Rolling Stone is reporting the death of Beastie Boys founding member, Adam Yauch (aka MCA), from cancer. He was 47 years old. In addition to his music, Yauch was also one of the first celebrities to draw attention to the Free Tibet campaign.
Yauch, also known as MCA, had been in treatment for cancer since 2009. The rapper was diagnosed in 2009 after discovering a tumor in his salivary gland.

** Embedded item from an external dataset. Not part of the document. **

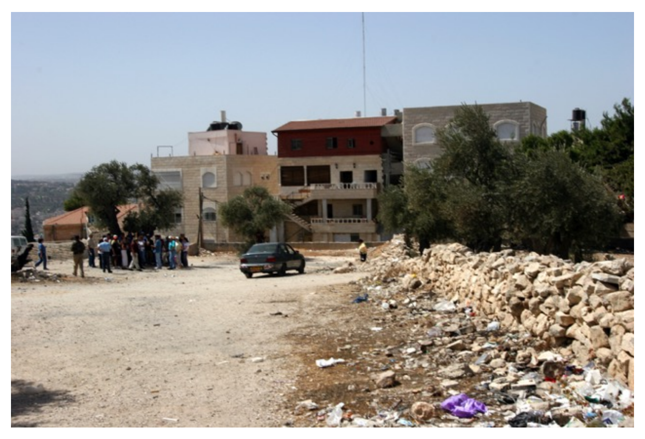
Crucifixion Site: Our Messengers of Messiah Israel tour group gathered around one of the Two Olive Trees. Note the presence of many rocks that could be used to stone the Two Witnesses.

Yauch co-founded the Beastie Boys with Mike “Mike D” Diamond and Adam “Ad-Rock” Horowitz in 1979. The band started off as a hardcore punk group, but soon began experimenting with hip-hop. The band broke big with their first proper album, Licensed to Ill, in 1986, and further albums Paul’s Boutique, Check Your Head and Ill Communication cemented the band as a true superstar act.
The Beastie Boys are one of the foundations of the soundtrack of my youth, and I’m sure many Good Men Project readers feel the same. I still hear Check Your Head in my mind when I’m riding my skateboard, and I remember how all of us – guys and girls – wore the same giant, saggy pants and oversized hoodies in the early 90s, just like The Beastie Boys.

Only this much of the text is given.